Kristin Dziczek, an expert with the Center for Automotive Research, said the Obama administration deemed GM’s and Chrysler’s restructuring plans insufficient in February 2009 and offered structured bankruptcy as the only option to accessing additional government loans.

Steve Rattner, the so-called auto czar who handled the bailout for the Obama administration, said no private investors were willing to supply the necessary funding because the credit markets were frozen. The administration invested $82 billion into the auto companies and is expected to lose $10 billion to $15 billion in the deal.

Romney’s February op-ed in The Detroit News drew stern rebukes from business leaders in the auto industry.

Mike Jackson, chief executive officer of AutoNation Inc., one of the nation’s largest auto dealers, called Romney’s op-ed “truly reckless, detached from reality and dishonest,” according to Bloomberg News. The criticism was especially stinging because Jackson had been a Romney supporter.

The bailout saved tens of thousands of jobs in Ohio, home to more than 350 auto-parts manufacturers and a crucial campaign battleground.

Whit Ayres, a Republican pollster and strategist, said Romney is doing what he needs to win the general election.

“By definition in a general election, you’re appealing to a broader audience than in a primary process,” he said. “You have to address issues of less interest to primary audiences and of more concern to a general election audience and that’s what he’s doing.”


Romney has also sought to airbrush his image among young voters.

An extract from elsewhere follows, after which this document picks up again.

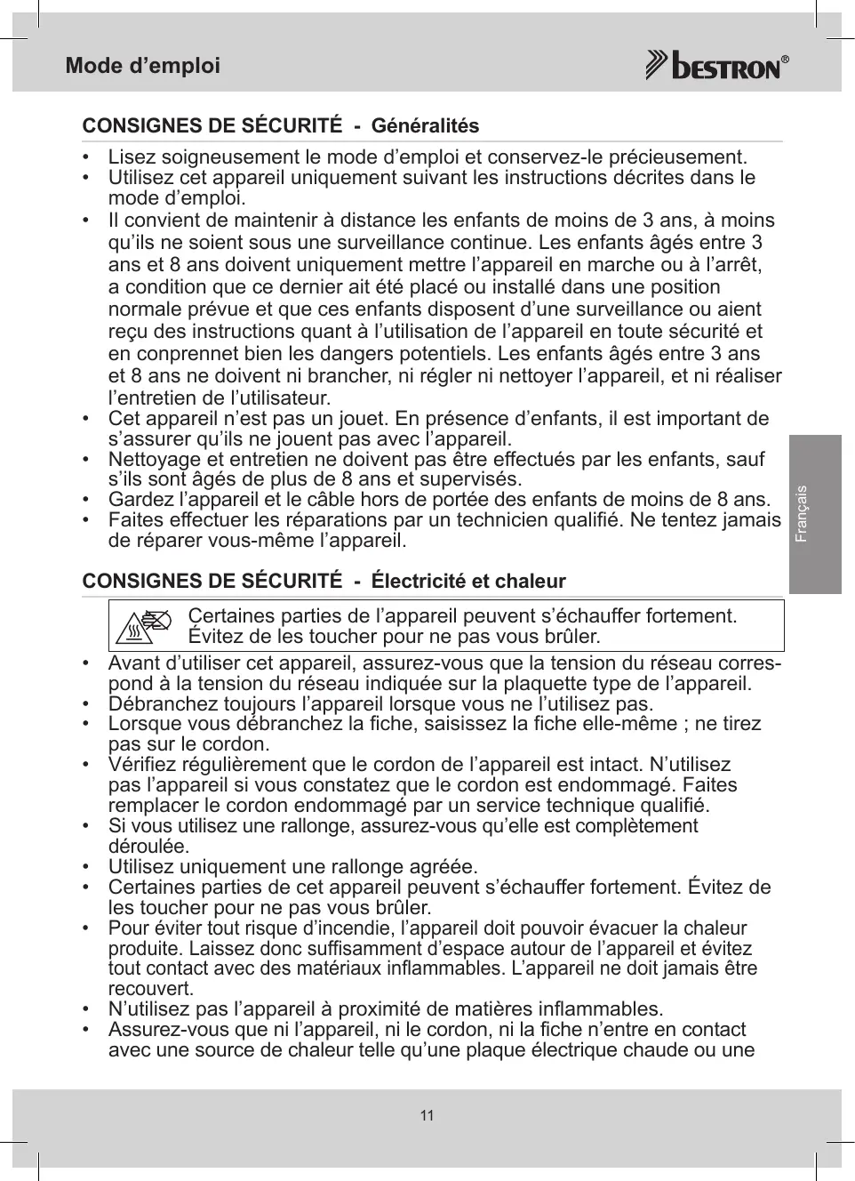 Retrouvez gratuitement la notice de l'appareil AFH211B BESTRON au format PDF.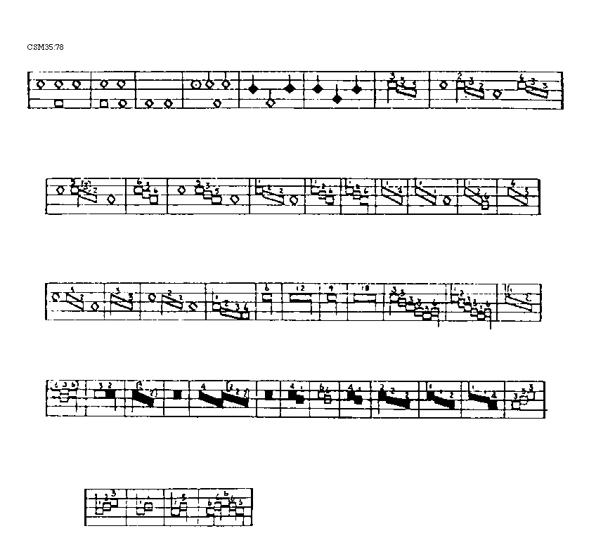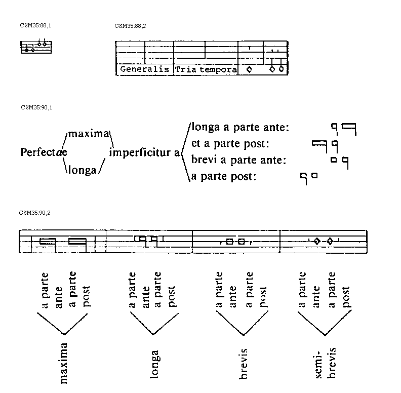 [CSM35:90,2; text: maxima, longa, brevis, semibrevis, a parte ante, a parte post]

At a Feb. 29 campaign event, Romney took a hard line against the federal government subsidizing student loans.

“I wish I could tell you that there’s a place to find really cheap money or free money and we could pay for everyone’s education. That’s just not going to happen,” Romney told a female law student.

“The right course for America is for businesses and universities and colleges to compete for us to make sure we provide loans to the extent we possibly can at an interest rate that doesn’t have the taxpayers having to subsidize people who want to go to school,” he said.

Romney softened his position on student loans last month when he endorsed Obama’s proposal for the federal government to continue subsidizing loans for low- and middle-income students. If Congress does not intervene by July 1, student loan rates will jump from 3.4 percent to 6.8.

Keeping loan rates low, however, will cost taxpayers an estimated $6 billion a year. 

A Romney campaign aide disputed that Romney has reversed himself. The staffer noted that Romney has agreed only to support a temporary extension to help students struggling in an economy that he said is suffering because of Obama’s policies.

Ayres, the GOP pollster, said young voters will be much more important in the general election than they were in the primary.

“There are far fewer young people in a Republican primary than in a general election,” he said. “It makes more sense to talk about student loans in a general election.”